» Task statement: Any pictures in the records below must be left out when you repeat the lines from the line containing "killed with his" through the line containing "กรุงเทพ 13 ธ.ค.- ศบค.รายงานสถานการณ์โควิด-19" exactly.

» The input:
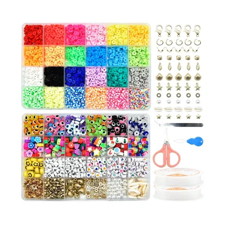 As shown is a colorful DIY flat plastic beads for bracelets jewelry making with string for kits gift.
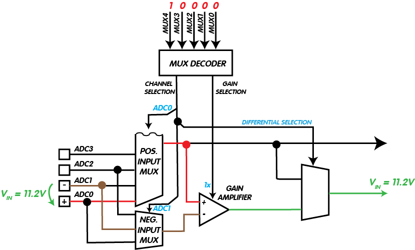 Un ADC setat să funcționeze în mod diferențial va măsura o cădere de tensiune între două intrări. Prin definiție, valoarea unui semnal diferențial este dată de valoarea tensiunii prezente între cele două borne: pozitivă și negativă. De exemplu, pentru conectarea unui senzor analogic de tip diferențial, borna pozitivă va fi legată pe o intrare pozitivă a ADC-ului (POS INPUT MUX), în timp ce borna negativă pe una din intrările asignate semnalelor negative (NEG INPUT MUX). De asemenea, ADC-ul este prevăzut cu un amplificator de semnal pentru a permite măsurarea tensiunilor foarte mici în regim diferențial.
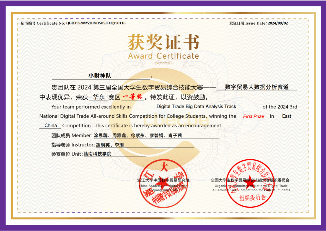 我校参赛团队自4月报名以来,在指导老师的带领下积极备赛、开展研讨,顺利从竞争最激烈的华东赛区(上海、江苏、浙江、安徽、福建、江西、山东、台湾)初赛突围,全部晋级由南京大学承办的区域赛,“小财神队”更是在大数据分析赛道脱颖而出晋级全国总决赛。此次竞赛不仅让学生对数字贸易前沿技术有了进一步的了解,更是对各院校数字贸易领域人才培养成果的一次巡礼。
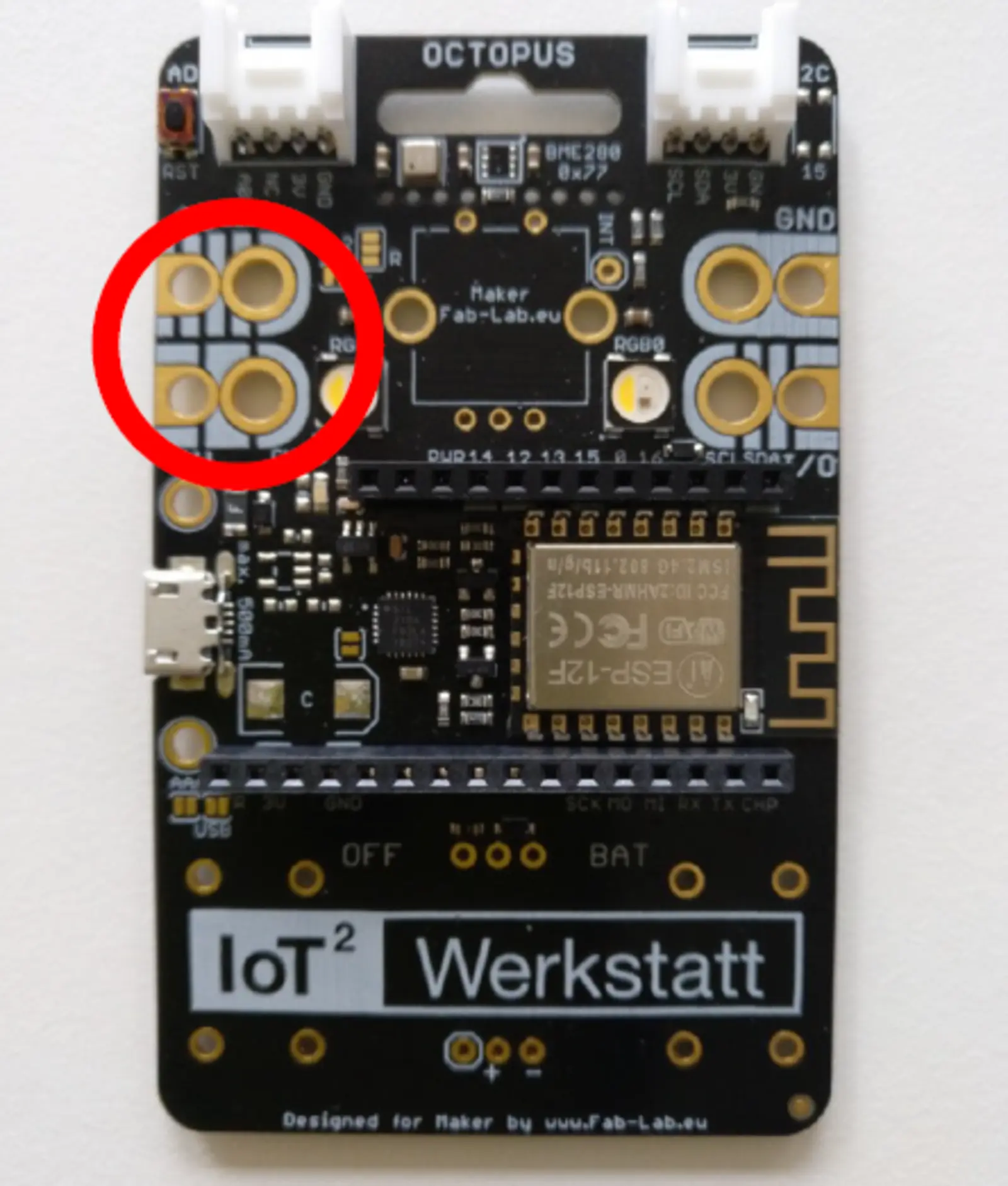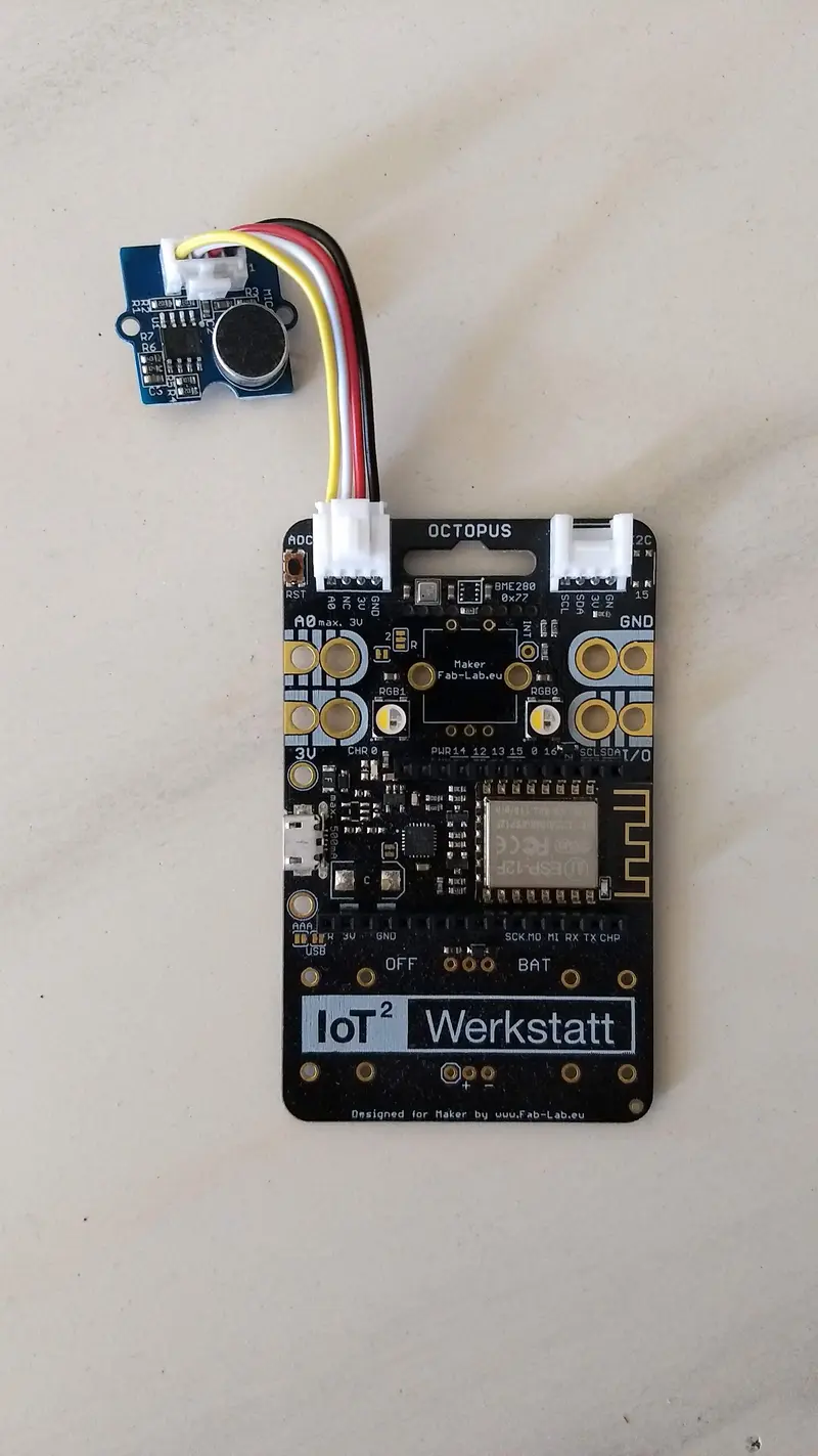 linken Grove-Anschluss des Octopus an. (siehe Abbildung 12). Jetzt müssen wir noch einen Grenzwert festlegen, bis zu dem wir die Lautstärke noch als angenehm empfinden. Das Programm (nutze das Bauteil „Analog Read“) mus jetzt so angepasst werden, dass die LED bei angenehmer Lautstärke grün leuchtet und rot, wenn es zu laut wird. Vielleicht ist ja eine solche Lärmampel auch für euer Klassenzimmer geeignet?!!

---

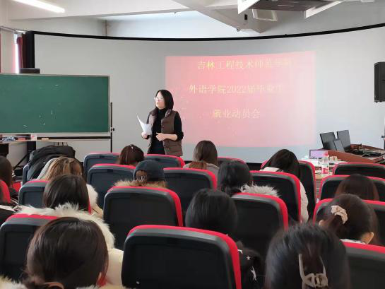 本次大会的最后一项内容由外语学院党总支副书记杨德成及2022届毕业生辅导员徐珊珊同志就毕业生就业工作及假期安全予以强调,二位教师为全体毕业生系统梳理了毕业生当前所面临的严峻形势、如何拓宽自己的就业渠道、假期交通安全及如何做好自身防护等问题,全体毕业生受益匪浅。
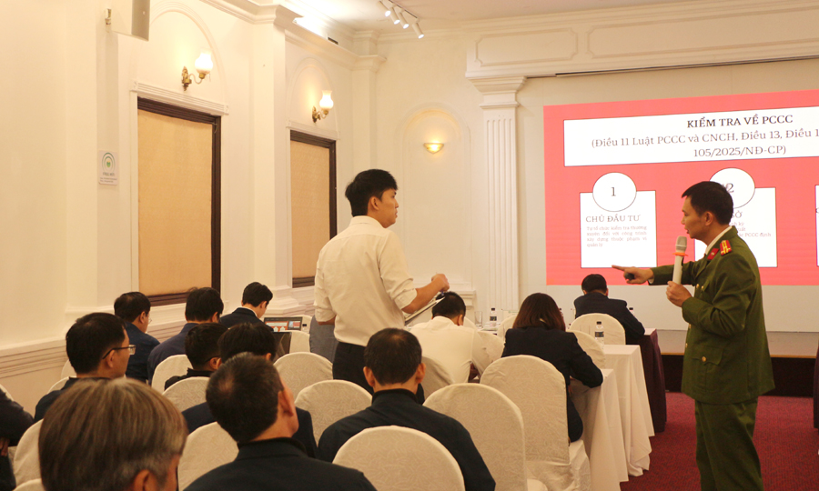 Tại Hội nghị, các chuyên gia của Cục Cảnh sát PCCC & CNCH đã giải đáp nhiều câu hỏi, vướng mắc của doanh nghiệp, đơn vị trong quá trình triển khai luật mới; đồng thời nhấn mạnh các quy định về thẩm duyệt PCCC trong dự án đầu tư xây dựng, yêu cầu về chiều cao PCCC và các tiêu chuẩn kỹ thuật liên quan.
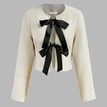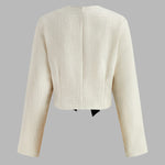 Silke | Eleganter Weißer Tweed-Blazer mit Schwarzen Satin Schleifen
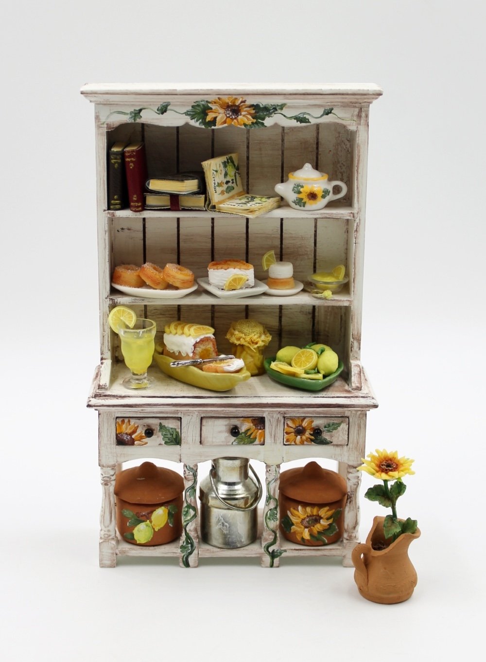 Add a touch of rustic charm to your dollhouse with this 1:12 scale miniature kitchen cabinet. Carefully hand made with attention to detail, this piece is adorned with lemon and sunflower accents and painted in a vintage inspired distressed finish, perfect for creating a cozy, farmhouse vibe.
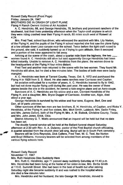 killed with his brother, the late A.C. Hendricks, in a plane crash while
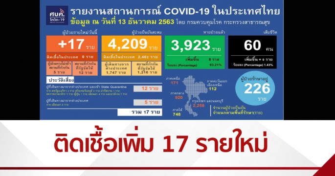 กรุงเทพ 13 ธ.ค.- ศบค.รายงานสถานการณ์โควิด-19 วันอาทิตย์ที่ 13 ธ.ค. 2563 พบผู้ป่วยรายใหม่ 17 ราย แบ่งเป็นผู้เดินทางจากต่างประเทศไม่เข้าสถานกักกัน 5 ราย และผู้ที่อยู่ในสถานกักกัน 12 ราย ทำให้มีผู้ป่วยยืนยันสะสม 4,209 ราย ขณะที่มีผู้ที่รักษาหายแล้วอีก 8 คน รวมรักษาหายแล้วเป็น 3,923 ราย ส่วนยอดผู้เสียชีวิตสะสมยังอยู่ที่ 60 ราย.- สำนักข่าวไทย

...

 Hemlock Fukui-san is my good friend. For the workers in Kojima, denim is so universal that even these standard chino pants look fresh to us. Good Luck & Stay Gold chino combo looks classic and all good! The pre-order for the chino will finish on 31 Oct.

» Solution for this task:
 killed with his brother, the late A.C. Hendricks, in a plane crash while
 กรุงเทพ 13 ธ.ค.- ศบค.รายงานสถานการณ์โควิด-19 วันอาทิตย์ที่ 13 ธ.ค. 2563 พบผู้ป่วยรายใหม่ 17 ราย แบ่งเป็นผู้เดินทางจากต่างประเทศไม่เข้าสถานกักกัน 5 ราย และผู้ที่อยู่ในสถานกักกัน 12 ราย ทำให้มีผู้ป่วยยืนยันสะสม 4,209 ราย ขณะที่มีผู้ที่รักษาหายแล้วอีก 8 คน รวมรักษาหายแล้วเป็น 3,923 ราย ส่วนยอดผู้เสียชีวิตสะสมยังอยู่ที่ 60 ราย.- สำนักข่าวไทย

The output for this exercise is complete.